Что изменило ослепительное видение Гоголя в действительной жизни? Ничего. Здесь — осталась прежняя, хомяковская, «недостойная избранья» Россия:
В судах черна неправдой чернойИ игом рабства клеймена.
Там сверкнуло чудесное видение. Как перед весною разрываются иногда влажные тучи, открывая особенно крупные, точно новорожденные и омытые звезды, так разорвалась перед Гоголем непроницаемая завеса дней его мученической жизни; а с нею вместе — завеса вековых российских буден; открылась, омытая весенней влагой, синяя бездна, «незнакомая земле даль», будущая Россия. Точь-в-точь как в «Страшной мести»: «За Киевом показалось неслыханное чудо: вдруг стало видимо далеко во все концы света. Вдали засинел Лиман, за Лиманом разливалось Черное море. Бывалые люди узнали и Крым, горою подымавшийся из моря, и болотный Сиваш. По левую руку видна была земля Галичская». Еще дальше — Карпаты, «с которых век не сходит снег, а тучи пристают и ночуют там».
Такая Россия явилась только в красоте, как в сказке, зримая духовным очам. Вслед за Гоголем снится она и нам. Он же, первый приподнявший завесу, за дерзкое свое прозрение изведал все унижение тоски и серую всероссийскую мразь; не выдержав «очерствения жизни», глухой «могилы повсюду», Гоголь сломился. Перед смертью он кричал что-то о «лестнице»; до того вещественно было у него представление о какой-то спасительной лестнице, выбрасываемой из небесного окна, по которой можно «взлететь» в синюю бездну, виденную когда-то в творческом сне.
В полете на воссоединение с целым, в музыке мирового оркестра, в звоне струн и бубенцов, в свисте ветра, в визге скрипок — родилось дитя Гоголя. Этого ребенка назвал он Россией. Она глядит на нас из синей бездны будущего и зовет туда. Во что она вырастет, — не знаем; как назовем ее, — не знаем.

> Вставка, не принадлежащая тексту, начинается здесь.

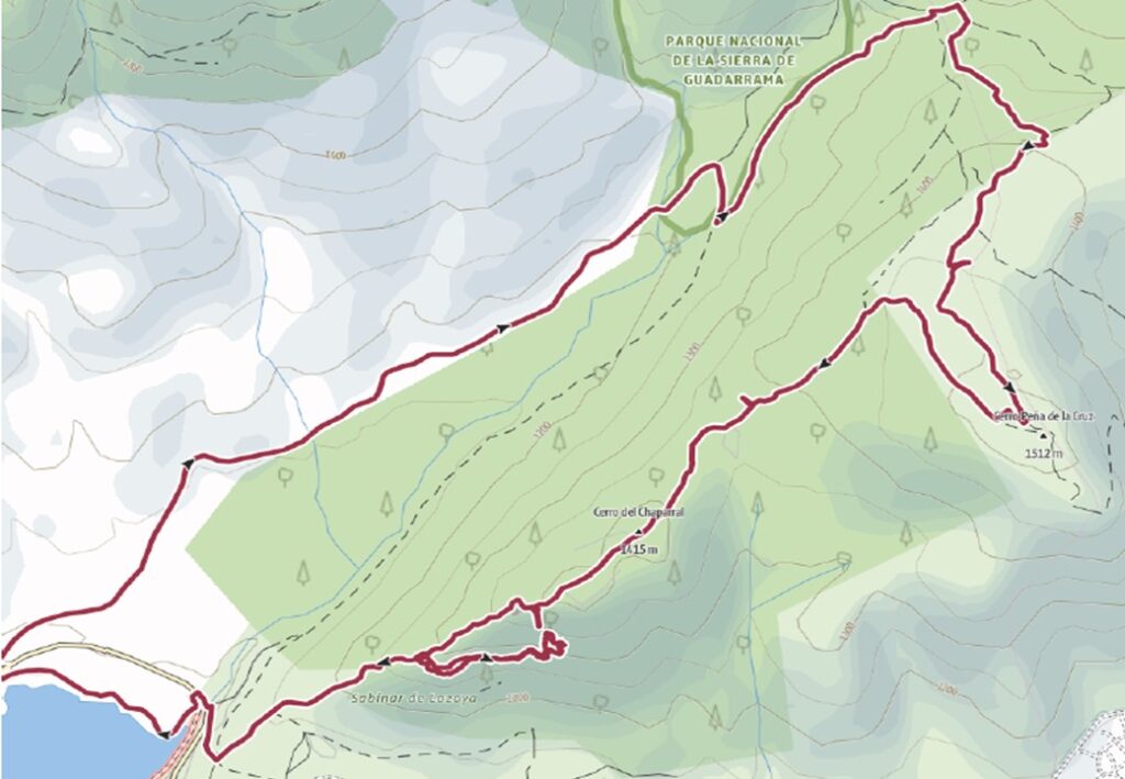 Valores naturales y paisajísticos de interés: El interés principal son las sabinas y enebros centenarios entre los que destacan los dos ejemplares singulares (un juniperus thurífera y un oxicedro) sin olvidar robles, encinas y algunos fresnos de gran porte. Adicionalmente el recorrido nos regala unas vistas espléndidas tanto del valle medio, como del valle alto del Lozoya y si hay nieve en las grandes cumbres las vistas son inigualables. Desde los miradores de la ruta se puede apreciar también las sierras de Ayllón y Rincón.

Чем безлюдней, чем зеленее кладбище, тем громче песня соловья в березовых ветвях над могилами. Все кончается, только музыка не умирает. «Если же и музыка нас покинет, что будет тогда с нашим миром?» — спрашивал «украинский соловей» Гоголь. Нет, музыка нас не покинет.
Март 1909
Горький о Мессине
Ужасно коротка наша память. Живем со связанными руками и ногами, и скромнейшие из наших начинаний сплошь и рядом кончаются неуспехом. Все «вьется да вертится» вокруг Недотыкомки, «истомила присядкою зыбкою». Оттого пустеет душа и пустеет память.
Так перестали мы вспоминать и об итальянской катастрофе, которая вызвала такую бурю в печати всех стран. Но хор голосов быстро прошумел и умолк. Австрийцы приплели сюда неслыханно циничную политику, а мы, как водится, и политику, и дешевый либерализм; и это, как все нынешнее, быстро исчерпалось, утонуло в лужах личного эгоизма и в болотах всеобщих благородных чувств.